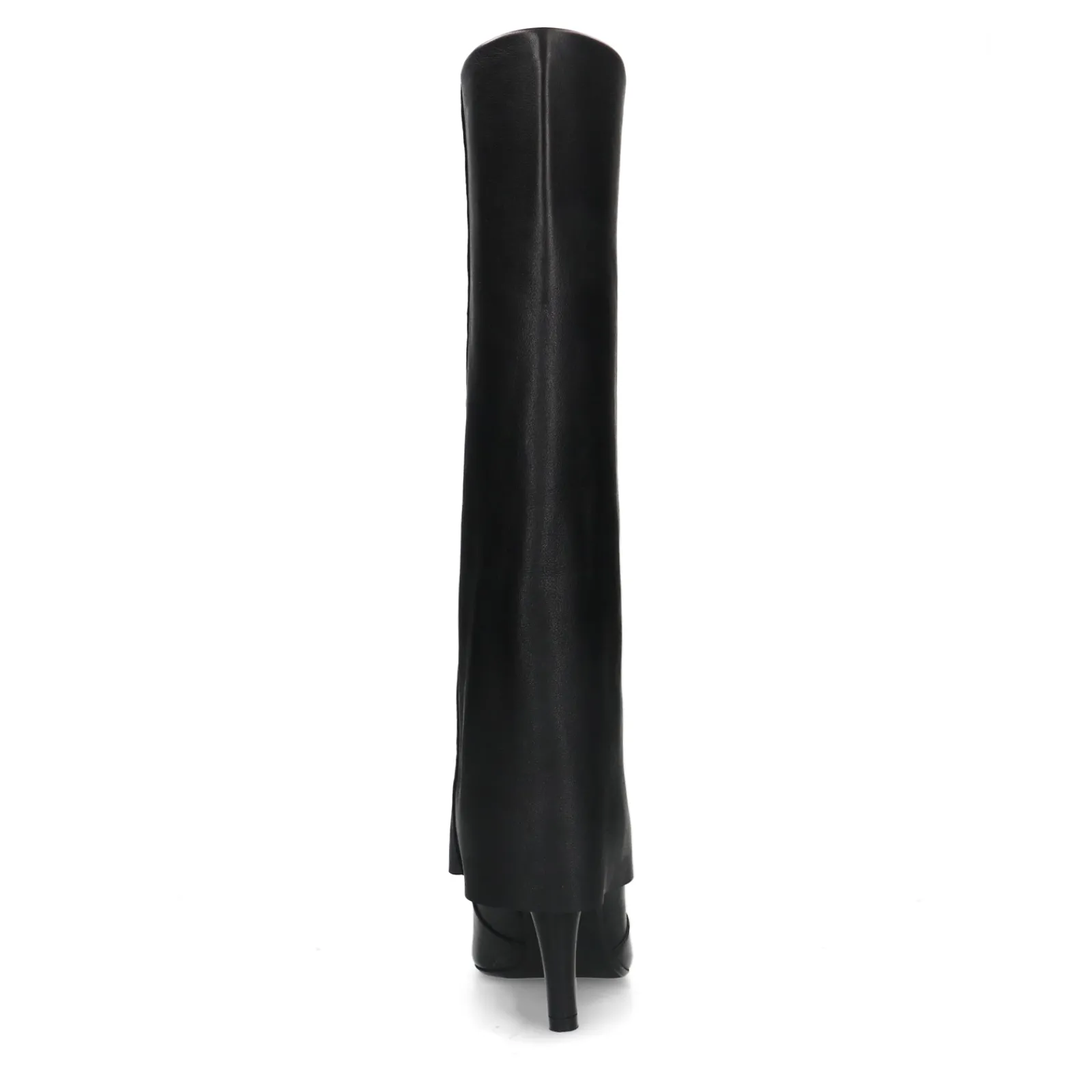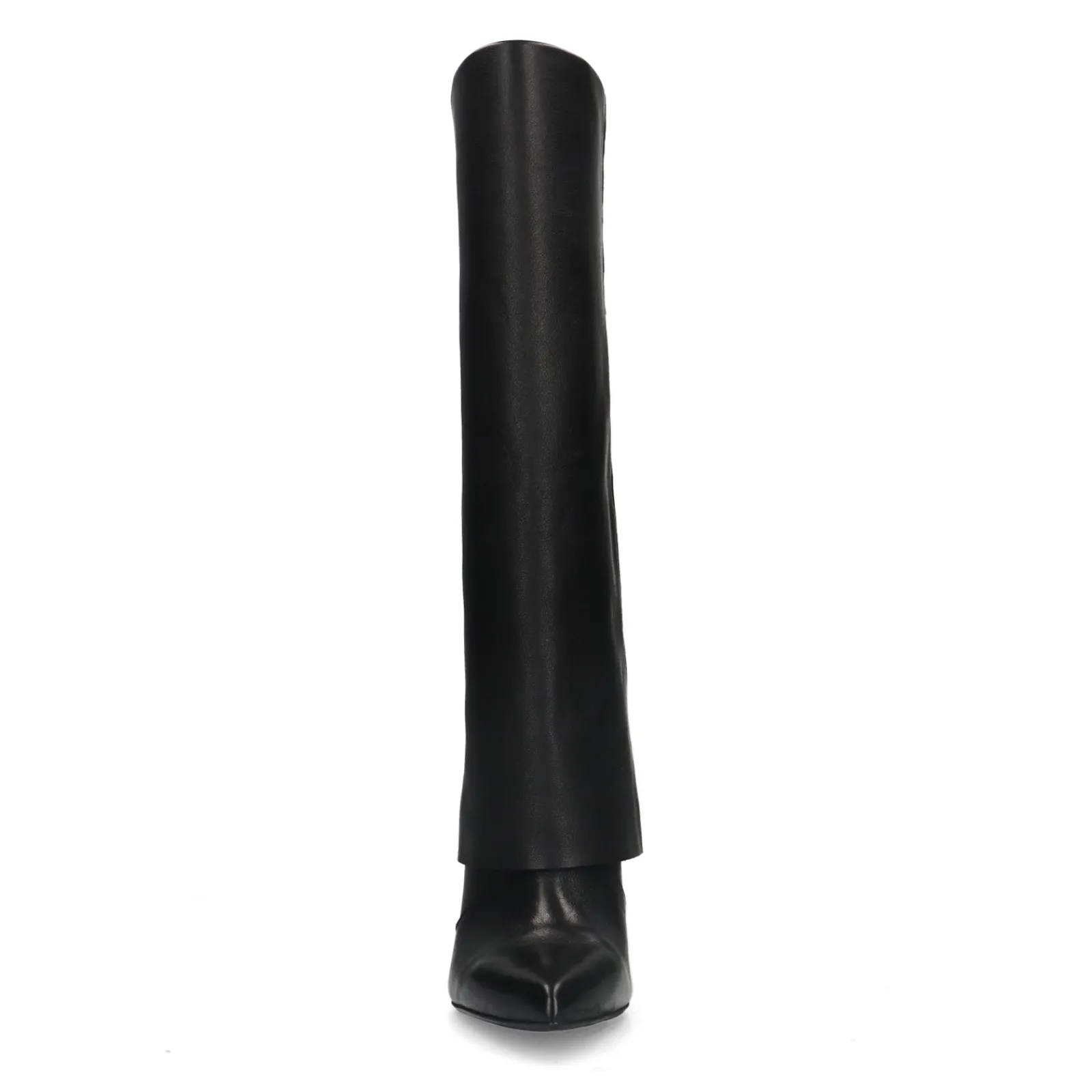 Deze Zwarte Leren Kniehoge Stiletto Boots Met Flap Van Sacha Hebben Een High Fashion Feeling! De Boots Zijn Geheel Gemaakt Van Leer En Hebben Een Omgevouwen Design. De Hoge Instaplaarzen Hebben Een Hak Van 9 Cm, Een Puntige Neus, Een Schachthoogte Van 40 Cm En Een Schachtomtrek Van 38 Cm. Maak Gebruik Van De Juiste Onderhoudsproducten.
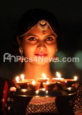 Event Description : Lighting candle and clay lamp in their house and at temples during Diwali night, in Bengaluru on Friday 28th October 2016
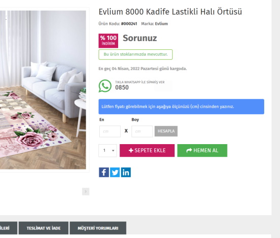 Ürün ölçü fiyatlandırma modülü ile en ve boy girişi yapılarak siparişi verilebilecek ürünlerinizin siparişlerini, bu girilen verilere göre fiyatlandırıp alabilirsiniz.
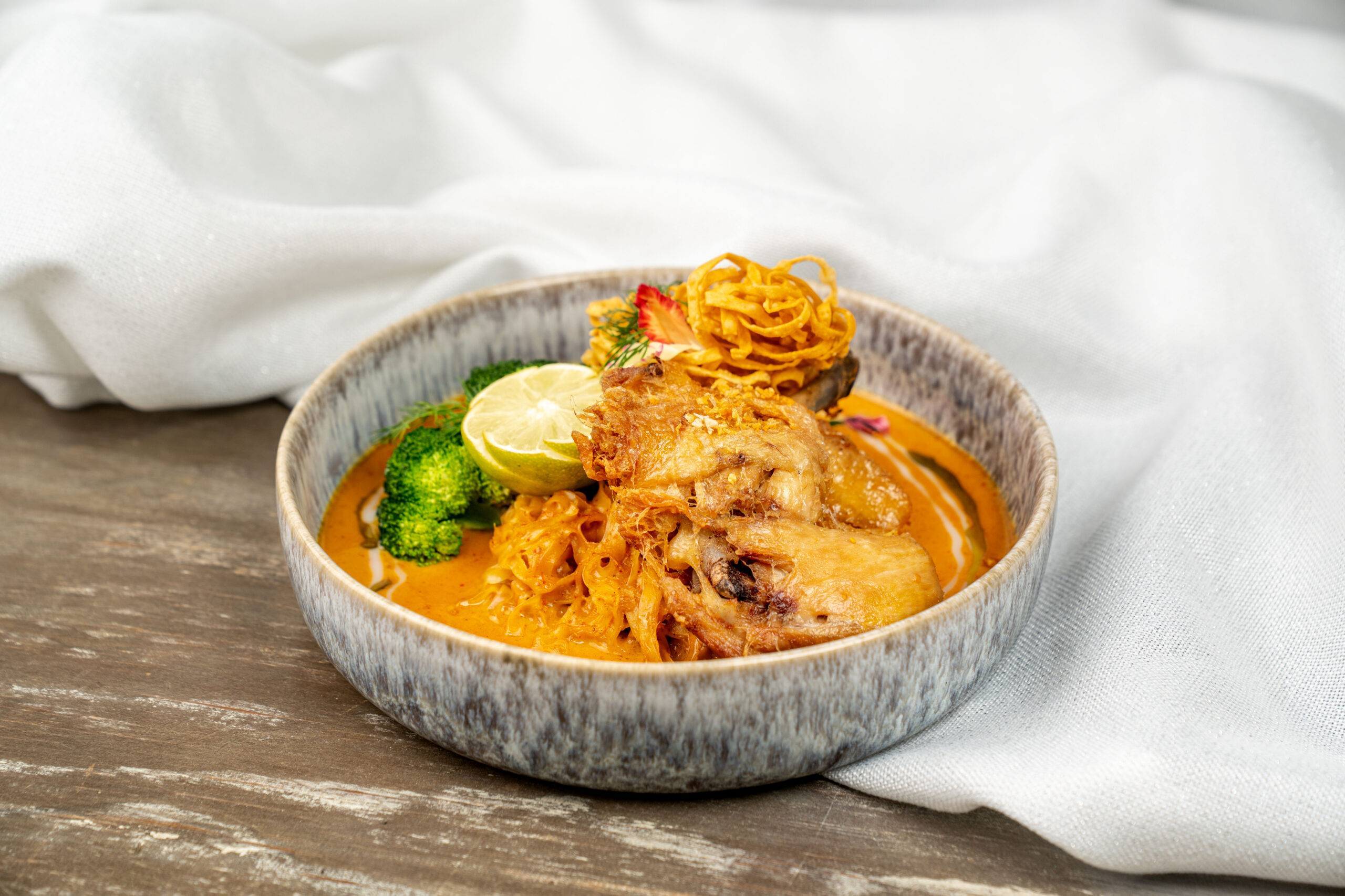 Chicken leg confit served with egg noodles, seasonal veggies, spicy khao soi gravy

——

▶ WHAT YOU ARE ASKED TO DO: Reproduce the data above verbatim, minus any images.

▶ ANSWER TO THE PROBLEM:
 Deze Zwarte Leren Kniehoge Stiletto Boots Met Flap Van Sacha Hebben Een High Fashion Feeling! De Boots Zijn Geheel Gemaakt Van Leer En Hebben Een Omgevouwen Design. De Hoge Instaplaarzen Hebben Een Hak Van 9 Cm, Een Puntige Neus, Een Schachthoogte Van 40 Cm En Een Schachtomtrek Van 38 Cm. Maak Gebruik Van De Juiste Onderhoudsproducten.
 Event Description : Lighting candle and clay lamp in their house and at temples during Diwali night, in Bengaluru on Friday 28th October 2016
 Ürün ölçü fiyatlandırma modülü ile en ve boy girişi yapılarak siparişi verilebilecek ürünlerinizin siparişlerini, bu girilen verilere göre fiyatlandırıp alabilirsiniz.
 Chicken leg confit served with egg noodles, seasonal veggies, spicy khao soi gravy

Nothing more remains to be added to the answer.